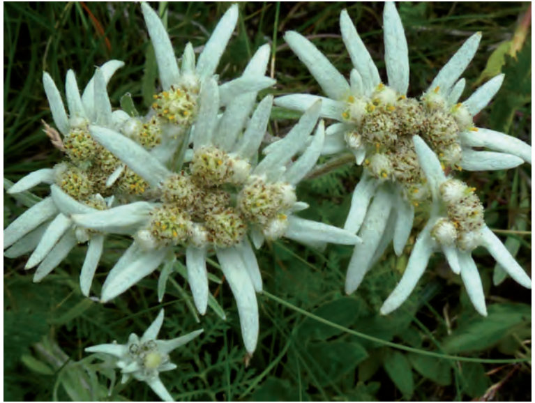
Abb. 9: Edelweiß-Art Leontopodium ochroleucum , Altai/Westsibirien.
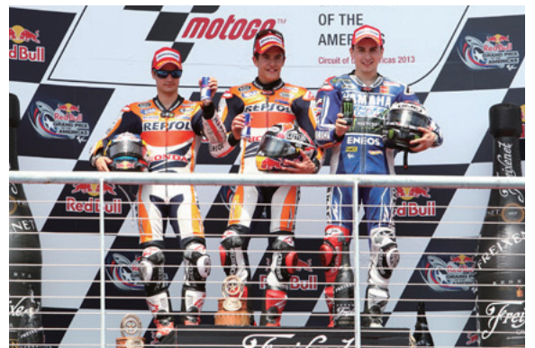
アメリカズグランプリMotoGPクラス表彰台

この新予選方式の導入により、金曜日から始まるフリープラクティスはもちろん、土曜日の公式予選が、より一層スリリングで見応えのあるものとなった。
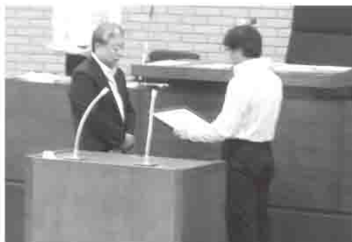
永年勤続表彰状の伝達
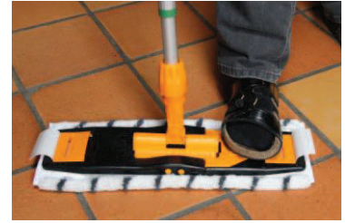
3 - Træd på udløseren ...
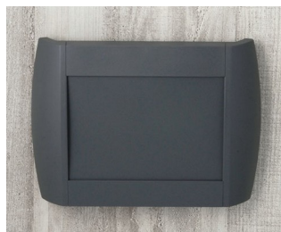
A9094108 DIATEC M ABS (UL 94 HB) lava 270x48x200mm IP 40
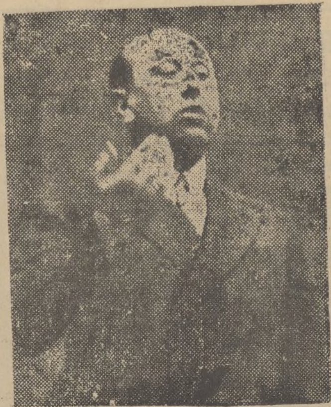
El señor Gil Robles se dirige a las derechas autónomas vascas en su discurso, pronunciado el pasado domingo en San Sebastián

«Raudwijk», holandés, para Gante, con mineral.
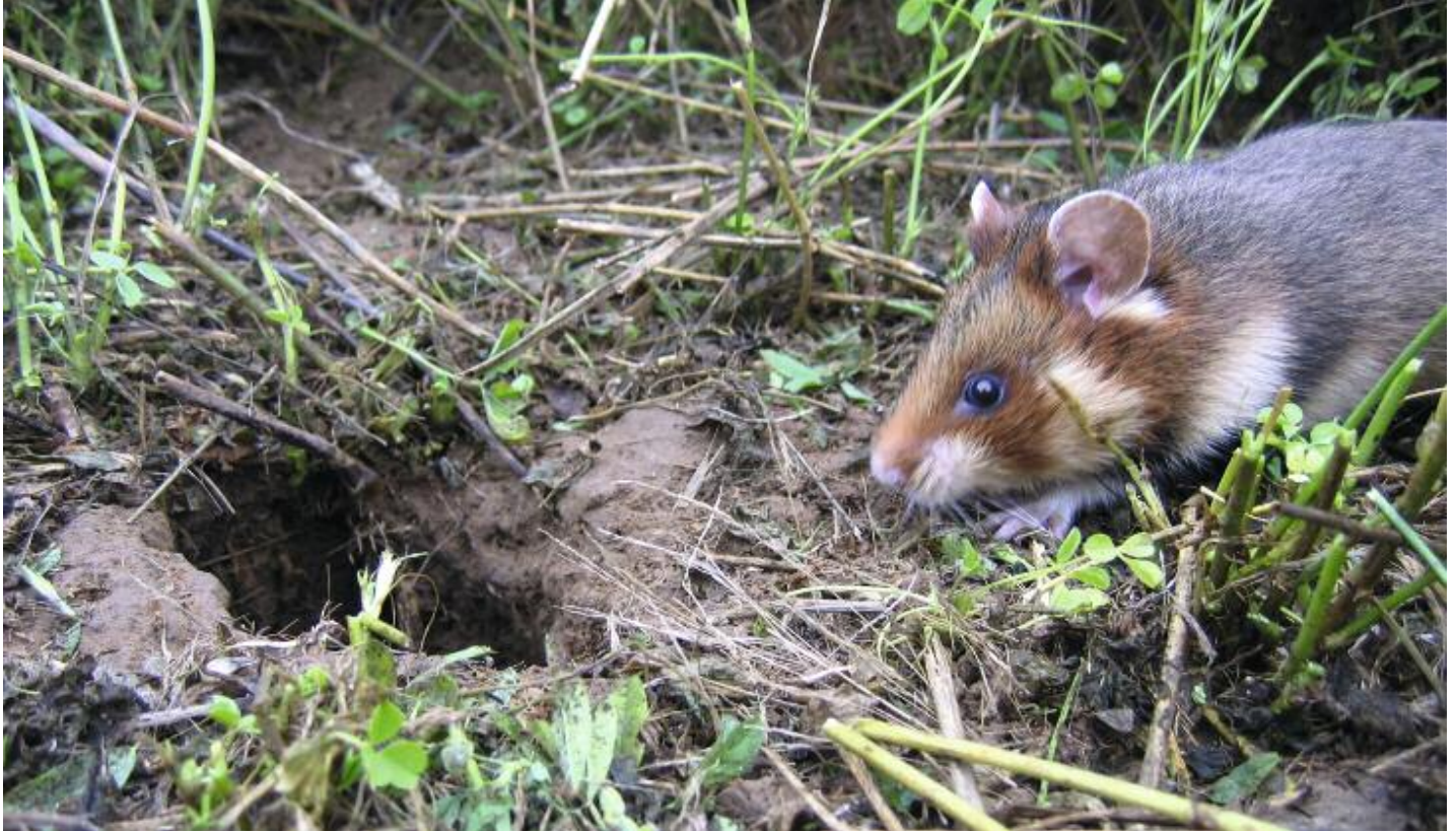
Hamster bij burcht.
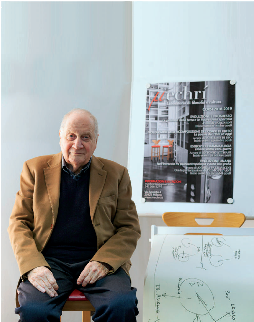
Carlo Sini (Bologna, 6 dicembre 1933 -)
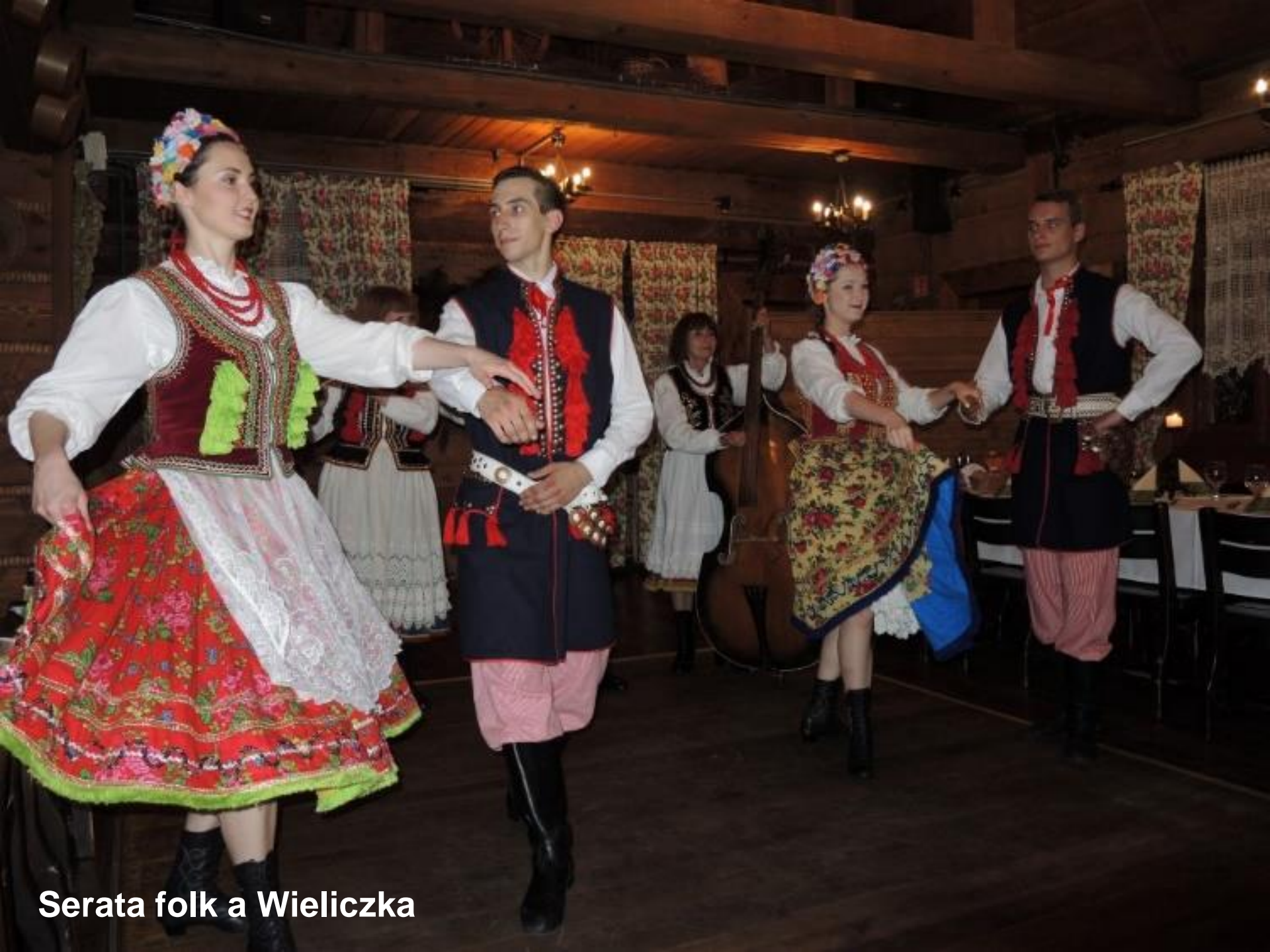
Serata folk a Wieliczka
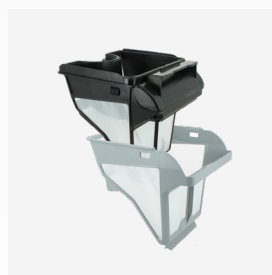
Caixa filtrante Filtro de nível duplo : 150/60 µ
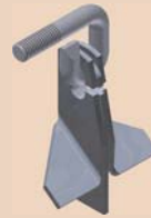
Noże skrzydełkowe i wertykulacyjne
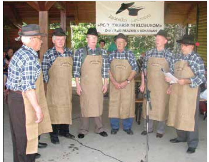
Muzej Vrbovec je poskrbel za stojnice s pestrim izborom izdelkov iz lončenine in ostalih naravnih materialov.

21. maja so športniki pripravili košarkaški maraton za pokal zadrečkega lončarja. Krajevna skupnost Kokarje pa je v sodelovanju z OŠ Nazarje že aprila pripravila lončarsko delavnico za otroke in od-
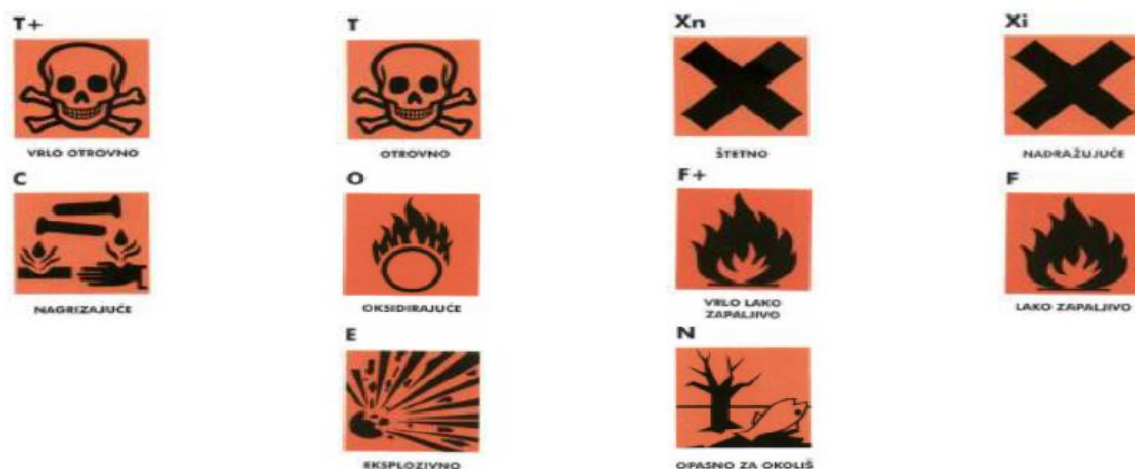
Slika 15. Oznake opasnosti na poljoprivrednim sredstvima

Kod korištenja moramo imati na umu karencu (najkraće razdoblje koje mora proći od uporabe sredstva do korištenja tretiranog proizvoda). Ona nam govori kada je neko sredstvo toliko razgrađeno da je sigurno koristiti prskane plodove ili biljke. Upute za karencu moraju se dobiti uz sredstvo. Za većinu sredstava je važna količina sredstva koje su potrebne da dođe do trovanja. To nazivamo toleranca. Toleranca je maksimalna dopuštena količina aktivne tvari nekoga sredstva za zaštitu u ili na namirnicama. Tolerance su zakonski propisane te se nadopunjuju kroz znanstvena istraživanja.
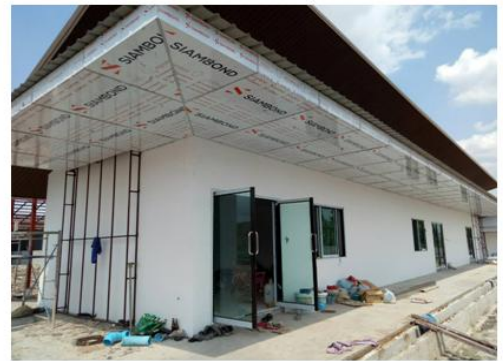
อาคารคลินิก(DC05),แผนกช่าง(DC06),อาคารเก็บอาหารสัตว์(DC07) งานโครงสร้างทั้งหมดแล้วเสร็จ กำลังดำเนินงานตกแต่งด้านสถาปัตยกรรม
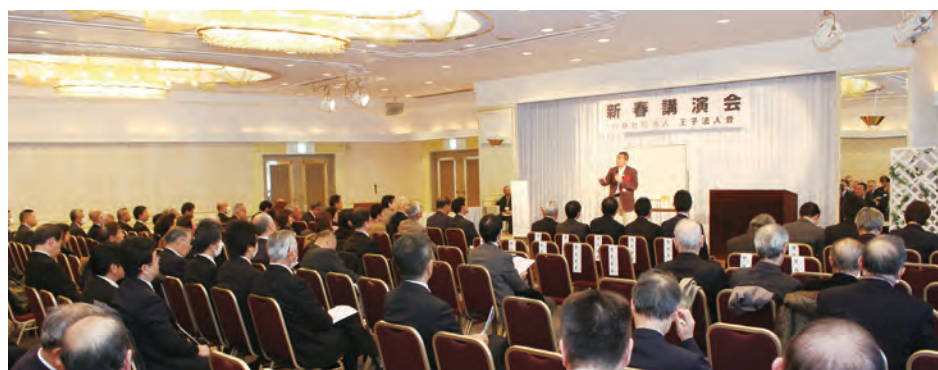
大雪に見舞われたこの日。足下の悪い中、多くの皆様においでいただきました。

では、その術とはどのようなものなのだろうか。氏は「人生で、経営で、成功するために何が必要なのか?」ということに対して、「①夢、②戦略、③感謝」の3つのポイントを大切なこととしている。この3つのポイントはあまりにも当たり前のこと過ぎて、ついつい忘れがちになるものでもある。まず最初に「夢」。これは人生や仕事での目標を設定し、それをどのようにして実現させるか。そこには経営に対する使命や決意等も含まれるでしょう。まさに経営戦略の根本に位置するものです。次に「戦略」。経営の場合、自分との戦いの他に顧客や他店との関係が生じてくる。そこで氏は、①商品戦略(1位を目指す商品)②地域戦略(1位を目指す地域)③客層戦略(1位を目指す客層)④営業戦略(どのように新規開拓するか)⑤顧客戦略(リピート・紹介の方法)⑥組織戦略(組織・社員に対しどのように活性化させるか)⑦財務戦略(いかに節約・倹約するか)⑧時間戦略(事業主は趣味を捨て夜討ち朝駆けの気持ちで向かう)⑨やる気戦略(やる気を出し、それを維持する)という9つを挙げ全体の戦略と現場の戦術の重要性を示していた。最後に「感謝」。

▶ _Goal of the exercise_: If an entry above contains a picture, leave that picture out and copy everything else exactly.

▶ _Exercise result_:
Abb. 9: Edelweiß-Art Leontopodium ochroleucum , Altai/Westsibirien.
アメリカズグランプリMotoGPクラス表彰台

この新予選方式の導入により、金曜日から始まるフリープラクティスはもちろん、土曜日の公式予選が、より一層スリリングで見応えのあるものとなった。
永年勤続表彰状の伝達
3 - Træd på udløseren ...
A9094108 DIATEC M ABS (UL 94 HB) lava 270x48x200mm IP 40
El señor Gil Robles se dirige a las derechas autónomas vascas en su discurso, pronunciado el pasado domingo en San Sebastián

«Raudwijk», holandés, para Gante, con mineral.
Hamster bij burcht.
Carlo Sini (Bologna, 6 dicembre 1933 -)
Serata folk a Wieliczka
Caixa filtrante Filtro de nível duplo : 150/60 µ
Noże skrzydełkowe i wertykulacyjne
Muzej Vrbovec je poskrbel za stojnice s pestrim izborom izdelkov iz lončenine in ostalih naravnih materialov.

21. maja so športniki pripravili košarkaški maraton za pokal zadrečkega lončarja. Krajevna skupnost Kokarje pa je v sodelovanju z OŠ Nazarje že aprila pripravila lončarsko delavnico za otroke in od-
Slika 15. Oznake opasnosti na poljoprivrednim sredstvima

Kod korištenja moramo imati na umu karencu (najkraće razdoblje koje mora proći od uporabe sredstva do korištenja tretiranog proizvoda). Ona nam govori kada je neko sredstvo toliko razgrađeno da je sigurno koristiti prskane plodove ili biljke. Upute za karencu moraju se dobiti uz sredstvo. Za većinu sredstava je važna količina sredstva koje su potrebne da dođe do trovanja. To nazivamo toleranca. Toleranca je maksimalna dopuštena količina aktivne tvari nekoga sredstva za zaštitu u ili na namirnicama. Tolerance su zakonski propisane te se nadopunjuju kroz znanstvena istraživanja.
อาคารคลินิก(DC05),แผนกช่าง(DC06),อาคารเก็บอาหารสัตว์(DC07) งานโครงสร้างทั้งหมดแล้วเสร็จ กำลังดำเนินงานตกแต่งด้านสถาปัตยกรรม
大雪に見舞われたこの日。足下の悪い中、多くの皆様においでいただきました。

では、その術とはどのようなものなのだろうか。氏は「人生で、経営で、成功するために何が必要なのか?」ということに対して、「①夢、②戦略、③感謝」の3つのポイントを大切なこととしている。この3つのポイントはあまりにも当たり前のこと過ぎて、ついつい忘れがちになるものでもある。まず最初に「夢」。これは人生や仕事での目標を設定し、それをどのようにして実現させるか。そこには経営に対する使命や決意等も含まれるでしょう。まさに経営戦略の根本に位置するものです。次に「戦略」。経営の場合、自分との戦いの他に顧客や他店との関係が生じてくる。そこで氏は、①商品戦略(1位を目指す商品)②地域戦略(1位を目指す地域)③客層戦略(1位を目指す客層)④営業戦略(どのように新規開拓するか)⑤顧客戦略(リピート・紹介の方法)⑥組織戦略(組織・社員に対しどのように活性化させるか)⑦財務戦略(いかに節約・倹約するか)⑧時間戦略(事業主は趣味を捨て夜討ち朝駆けの気持ちで向かう)⑨やる気戦略(やる気を出し、それを維持する)という9つを挙げ全体の戦略と現場の戦術の重要性を示していた。最後に「感謝」。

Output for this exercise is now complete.